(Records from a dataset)

++++++++++

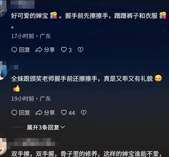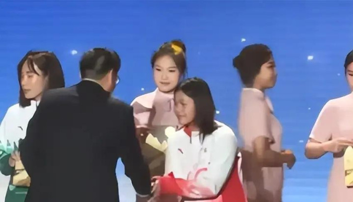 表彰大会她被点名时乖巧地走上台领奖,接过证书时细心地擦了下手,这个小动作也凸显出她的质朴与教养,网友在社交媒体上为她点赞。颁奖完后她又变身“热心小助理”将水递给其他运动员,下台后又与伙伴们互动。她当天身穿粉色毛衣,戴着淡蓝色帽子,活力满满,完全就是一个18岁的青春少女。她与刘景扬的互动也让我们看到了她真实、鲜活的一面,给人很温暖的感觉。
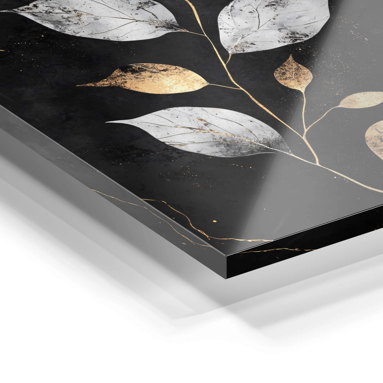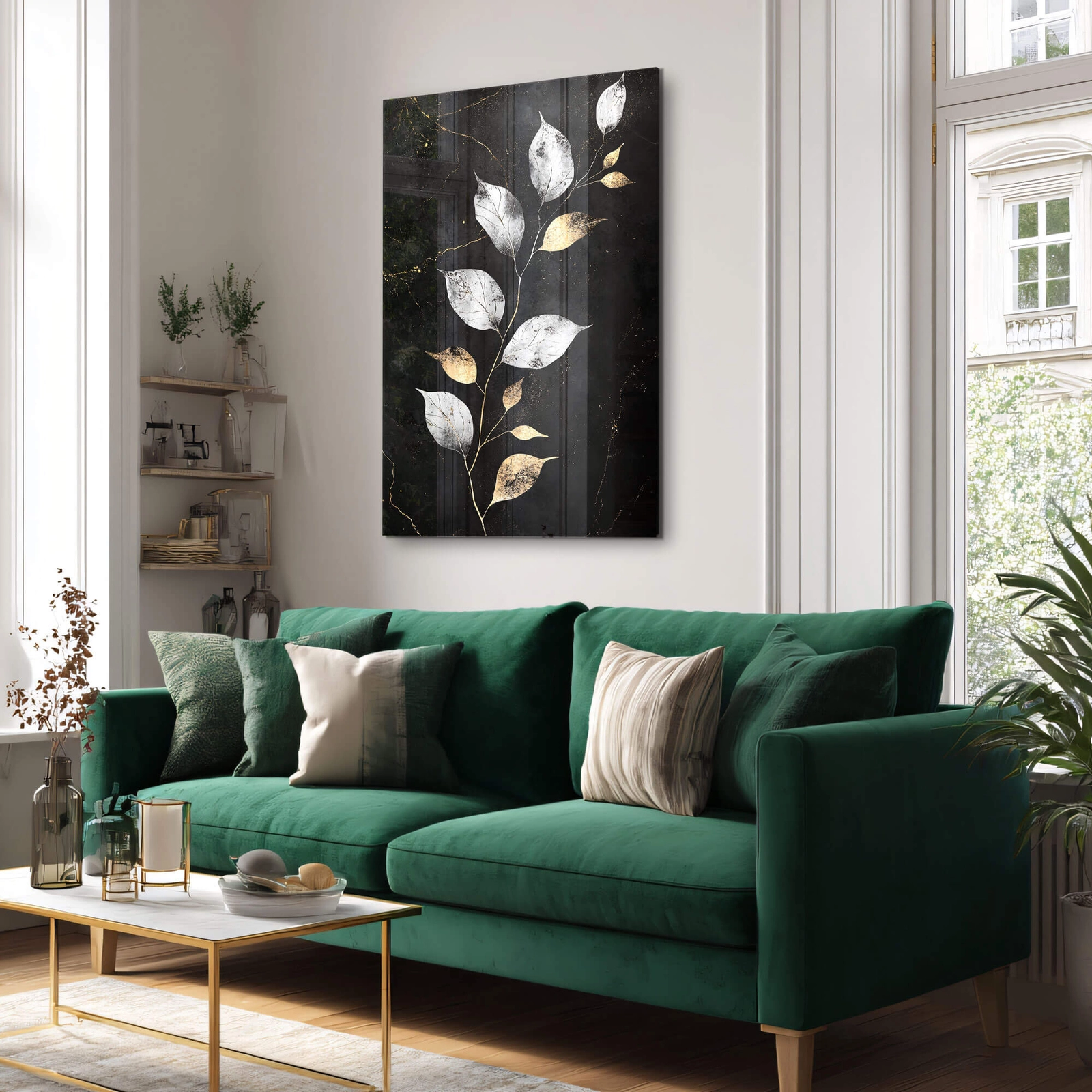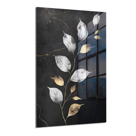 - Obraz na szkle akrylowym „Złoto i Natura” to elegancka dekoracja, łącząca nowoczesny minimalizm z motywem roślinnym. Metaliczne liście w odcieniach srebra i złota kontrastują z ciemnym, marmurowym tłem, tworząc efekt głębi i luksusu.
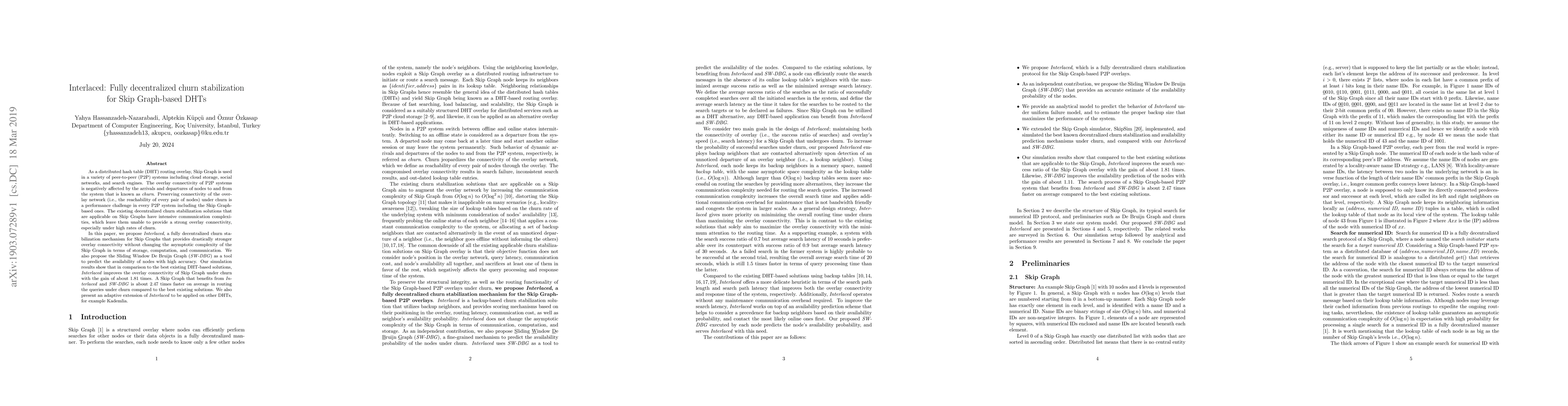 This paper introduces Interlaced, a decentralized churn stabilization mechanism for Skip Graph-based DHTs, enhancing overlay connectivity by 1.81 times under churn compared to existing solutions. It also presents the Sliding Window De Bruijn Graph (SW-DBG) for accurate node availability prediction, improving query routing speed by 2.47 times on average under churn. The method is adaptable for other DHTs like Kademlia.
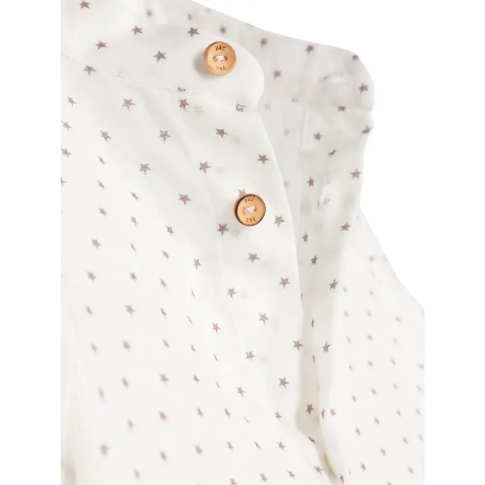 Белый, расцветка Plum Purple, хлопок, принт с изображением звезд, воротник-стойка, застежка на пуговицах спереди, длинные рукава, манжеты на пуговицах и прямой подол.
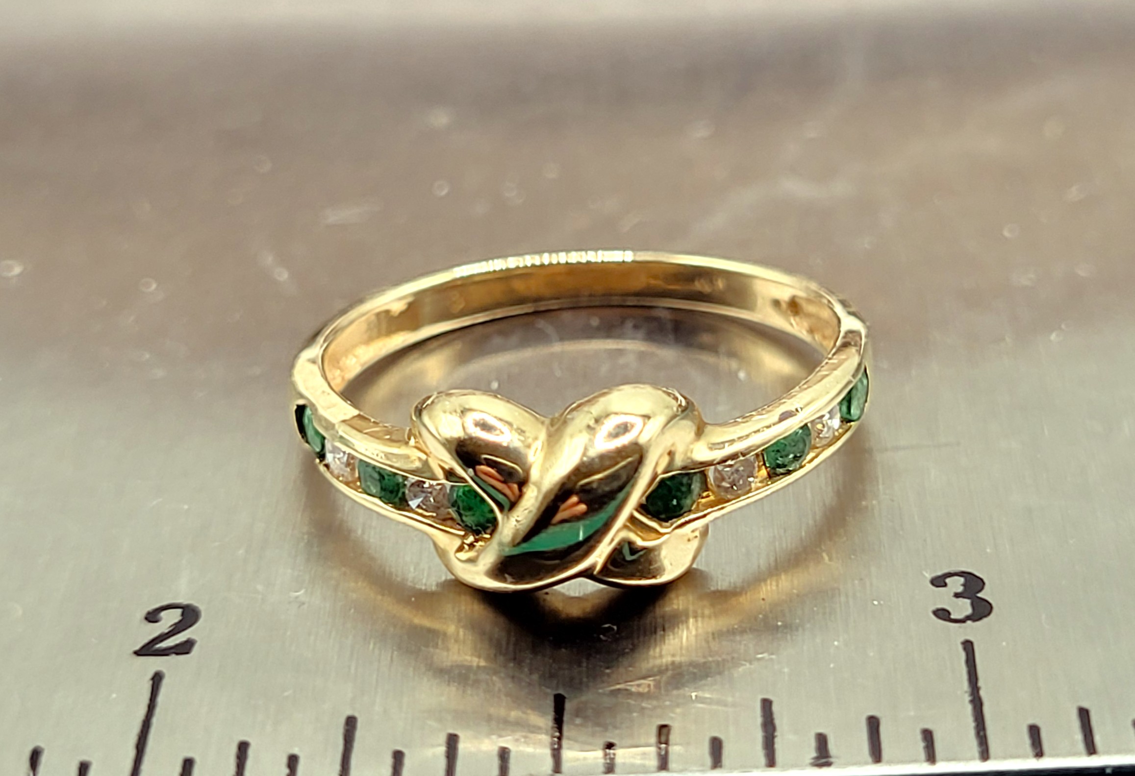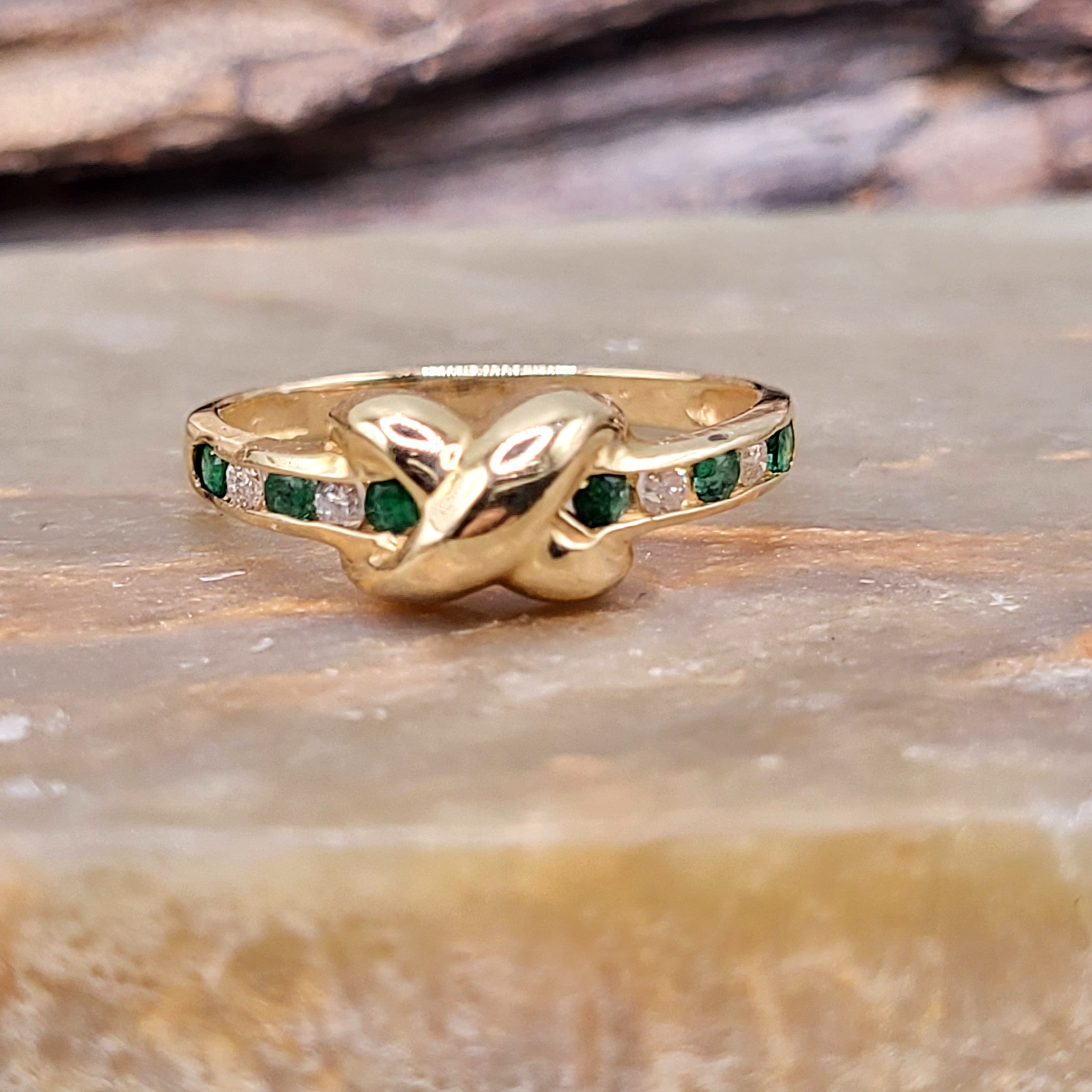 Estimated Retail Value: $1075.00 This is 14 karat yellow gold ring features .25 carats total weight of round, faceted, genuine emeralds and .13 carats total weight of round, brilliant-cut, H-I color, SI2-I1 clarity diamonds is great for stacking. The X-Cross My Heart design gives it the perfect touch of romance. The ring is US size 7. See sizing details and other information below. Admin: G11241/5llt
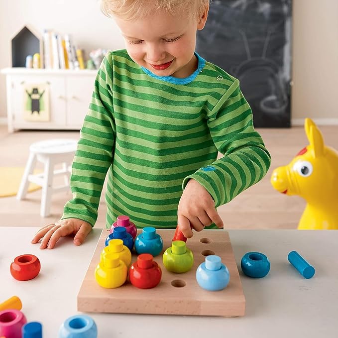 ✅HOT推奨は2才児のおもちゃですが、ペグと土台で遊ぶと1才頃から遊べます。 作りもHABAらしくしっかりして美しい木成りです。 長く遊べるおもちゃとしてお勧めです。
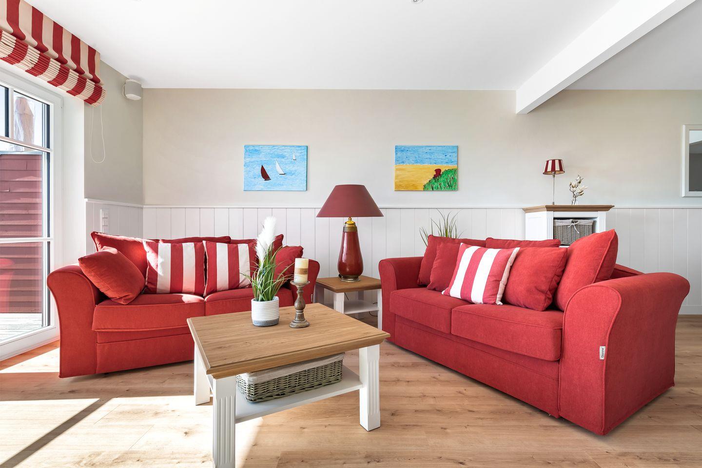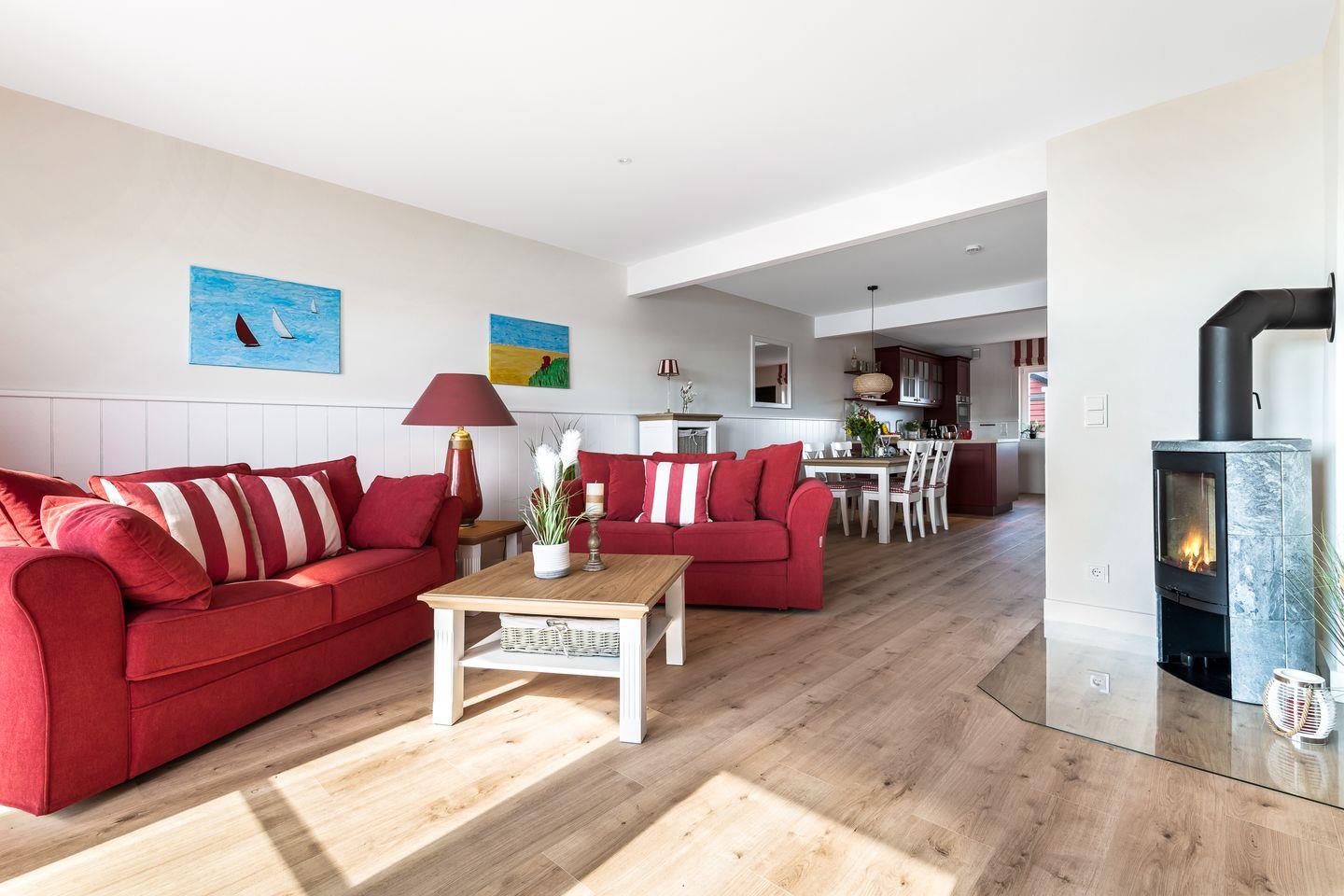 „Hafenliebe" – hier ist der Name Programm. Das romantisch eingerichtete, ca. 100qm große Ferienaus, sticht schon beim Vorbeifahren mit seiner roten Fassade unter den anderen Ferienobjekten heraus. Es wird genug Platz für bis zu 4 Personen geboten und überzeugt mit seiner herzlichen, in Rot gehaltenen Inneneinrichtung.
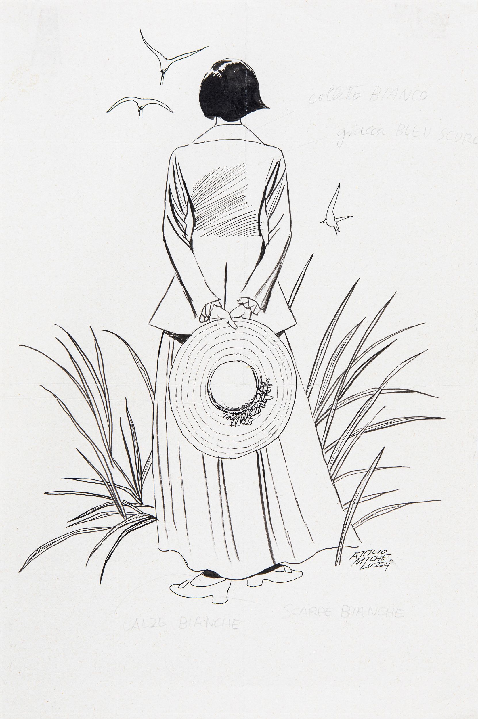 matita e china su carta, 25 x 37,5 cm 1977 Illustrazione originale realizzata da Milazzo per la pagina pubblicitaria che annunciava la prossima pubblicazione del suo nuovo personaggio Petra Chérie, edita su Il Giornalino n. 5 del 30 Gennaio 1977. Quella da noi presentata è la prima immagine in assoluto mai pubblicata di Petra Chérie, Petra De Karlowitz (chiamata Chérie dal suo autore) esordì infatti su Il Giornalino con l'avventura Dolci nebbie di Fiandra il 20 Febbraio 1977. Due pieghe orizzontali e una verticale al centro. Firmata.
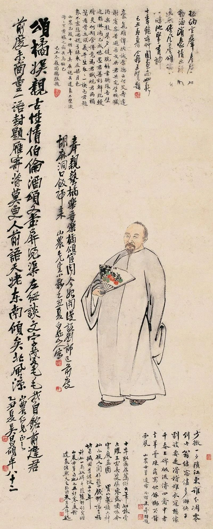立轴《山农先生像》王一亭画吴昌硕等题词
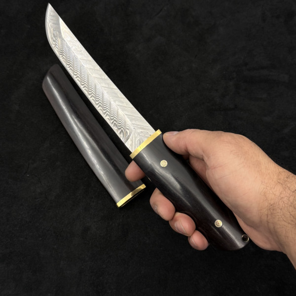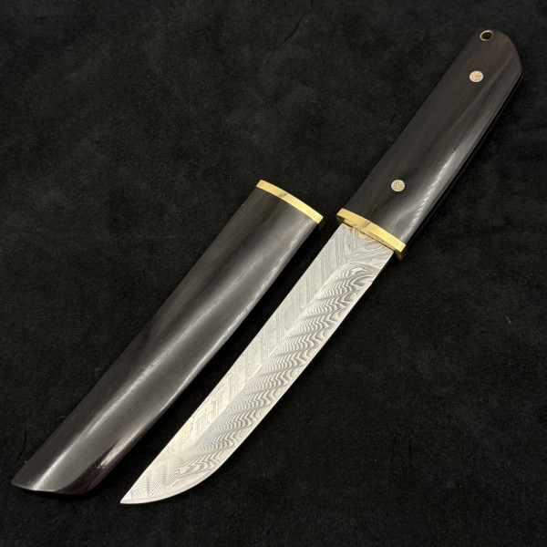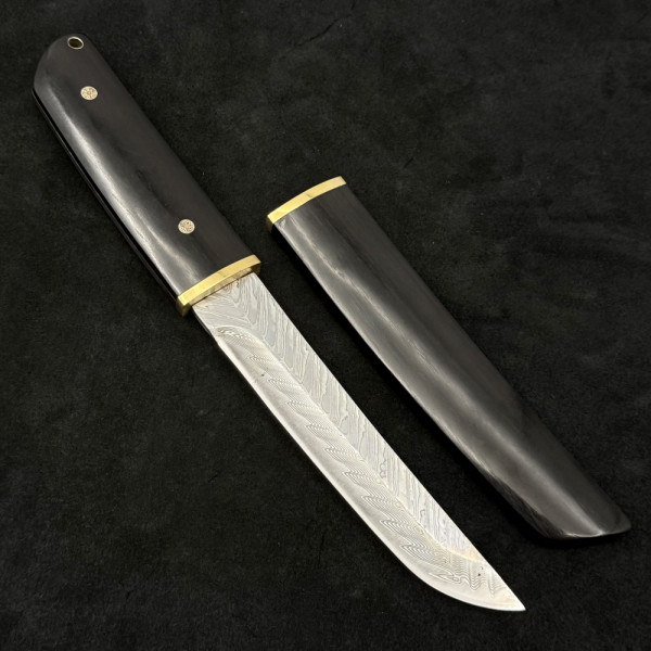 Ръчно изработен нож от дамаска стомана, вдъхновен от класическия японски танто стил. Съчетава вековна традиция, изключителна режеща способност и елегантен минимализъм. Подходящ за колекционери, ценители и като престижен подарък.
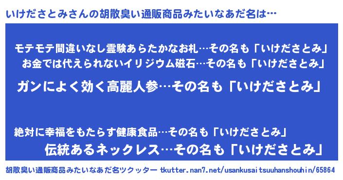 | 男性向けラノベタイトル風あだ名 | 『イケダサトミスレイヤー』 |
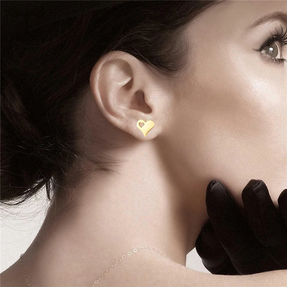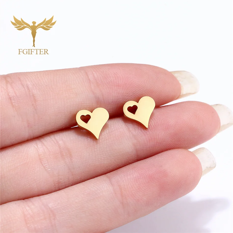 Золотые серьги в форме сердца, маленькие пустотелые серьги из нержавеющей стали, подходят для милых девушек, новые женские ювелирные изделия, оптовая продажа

++++++++++

Without including any pictures, reproduce the data exactly.

- _RESULT FOR THIS EXERCISE_
 表彰大会她被点名时乖巧地走上台领奖,接过证书时细心地擦了下手,这个小动作也凸显出她的质朴与教养,网友在社交媒体上为她点赞。颁奖完后她又变身“热心小助理”将水递给其他运动员,下台后又与伙伴们互动。她当天身穿粉色毛衣,戴着淡蓝色帽子,活力满满,完全就是一个18岁的青春少女。她与刘景扬的互动也让我们看到了她真实、鲜活的一面,给人很温暖的感觉。
 - Obraz na szkle akrylowym „Złoto i Natura” to elegancka dekoracja, łącząca nowoczesny minimalizm z motywem roślinnym. Metaliczne liście w odcieniach srebra i złota kontrastują z ciemnym, marmurowym tłem, tworząc efekt głębi i luksusu.
 This paper introduces Interlaced, a decentralized churn stabilization mechanism for Skip Graph-based DHTs, enhancing overlay connectivity by 1.81 times under churn compared to existing solutions. It also presents the Sliding Window De Bruijn Graph (SW-DBG) for accurate node availability prediction, improving query routing speed by 2.47 times on average under churn. The method is adaptable for other DHTs like Kademlia.
 Белый, расцветка Plum Purple, хлопок, принт с изображением звезд, воротник-стойка, застежка на пуговицах спереди, длинные рукава, манжеты на пуговицах и прямой подол.
 Estimated Retail Value: $1075.00 This is 14 karat yellow gold ring features .25 carats total weight of round, faceted, genuine emeralds and .13 carats total weight of round, brilliant-cut, H-I color, SI2-I1 clarity diamonds is great for stacking. The X-Cross My Heart design gives it the perfect touch of romance. The ring is US size 7. See sizing details and other information below. Admin: G11241/5llt
 ✅HOT推奨は2才児のおもちゃですが、ペグと土台で遊ぶと1才頃から遊べます。 作りもHABAらしくしっかりして美しい木成りです。 長く遊べるおもちゃとしてお勧めです。
 „Hafenliebe" – hier ist der Name Programm. Das romantisch eingerichtete, ca. 100qm große Ferienaus, sticht schon beim Vorbeifahren mit seiner roten Fassade unter den anderen Ferienobjekten heraus. Es wird genug Platz für bis zu 4 Personen geboten und überzeugt mit seiner herzlichen, in Rot gehaltenen Inneneinrichtung.
 matita e china su carta, 25 x 37,5 cm 1977 Illustrazione originale realizzata da Milazzo per la pagina pubblicitaria che annunciava la prossima pubblicazione del suo nuovo personaggio Petra Chérie, edita su Il Giornalino n. 5 del 30 Gennaio 1977. Quella da noi presentata è la prima immagine in assoluto mai pubblicata di Petra Chérie, Petra De Karlowitz (chiamata Chérie dal suo autore) esordì infatti su Il Giornalino con l'avventura Dolci nebbie di Fiandra il 20 Febbraio 1977. Due pieghe orizzontali e una verticale al centro. Firmata.
立轴《山农先生像》王一亭画吴昌硕等题词
 Ръчно изработен нож от дамаска стомана, вдъхновен от класическия японски танто стил. Съчетава вековна традиция, изключителна режеща способност и елегантен минимализъм. Подходящ за колекционери, ценители и като престижен подарък.
 | 男性向けラノベタイトル風あだ名 | 『イケダサトミスレイヤー』 |
 Золотые серьги в форме сердца, маленькие пустотелые серьги из нержавеющей стали, подходят для милых девушек, новые женские ювелирные изделия, оптовая продажа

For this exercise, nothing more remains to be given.